Barrere would say sometimes, “Eventually, the Corps will reach this planet again and we'll leave a legacy of knowledge for them. It's a unique planet after all. There might not be another Earth-type with ammonia in all the Milky Way.”
“Great,” said Sandropoulos bitterly. “What luck for us.”
Sandropoulos worked out the thermodynamics of the situation. “ A metastable system,” he said. “The ammonia disappears steadily through geochemical oxidation that forms nitrogen; the plants utilize nitrogen and re-form ammonia, adapting themselves to the presence of ammonia. If the rate of plant formation of ammonia dropped two per cent, a declining spiral would set in. Plant life would wither, reducing the ammonia still further, and so on.”

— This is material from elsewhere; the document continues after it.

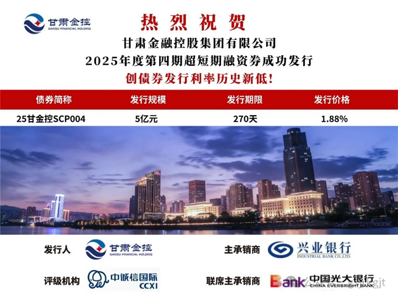 2025年6月26日,压球手机在线官网-压球(中国) 成功发行2025年度第四期超短期融资券“25甘金控SCP004”,规模5亿元,期限270日,票面利率1.88%,创集团债券发行利率历史新低,有助于集团降低融资成本。

“You mean if we killed enough plant life,” said Vlassov, “we could wipe out the ammonia.”
“If we had air sleds and wide-angle blasters, and a year to work in, we might,” said Sandropoulos, “but we haven't and there's a better way. If we could get our own plants going, the formation of oxygen through photosynthesis would increase the rate of ammonia oxidation. Even a small localized rise would lower the ammonia in the region, stimulate Earth-plant growth further and inhibit the native growth, drop the ammonia further, and so on.”
They became gardeners through all the growing season. That was, after all, routine for the Galactic Corps. Life on Earth-type planets was usually of the water/protein type, but variation was infinite and other-world food was rarely nourishing and even more rarely palatable. One had to try Earth plants of different sorts. It often happened (not always, but often) that some types of Earth plants would overrun and drown out the native flora. With the native flora held down, other Earth plants could take root.

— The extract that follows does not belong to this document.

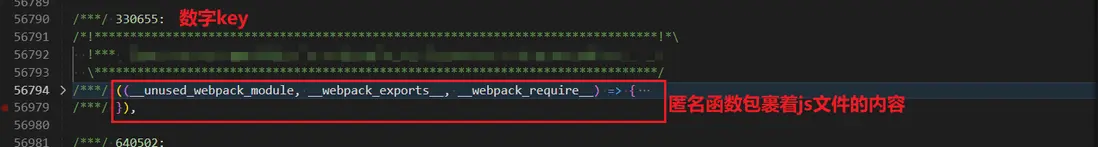 3. 一些數字:webpack打包時,會將多個js文件打成同一個chunk。而在chunk中,每個文件都會被包裹在一個匿名函數中,並放在一個對象中同時生成一個數字作為key。

Dozens of planets had been converted into new Earths in this fashion. In the process Earthly plants developed hundreds of hardy varieties that flourished under extreme conditions. -All the better with which to seed the next planet.
The ammonia would kill any Earth plant, but the seeds at the disposal of the Cruiser John were not true Earth plants but otherworld mutations of these plants. They fought hard but not well enough. Some varieties grew in a feeble, sickly manner and then died.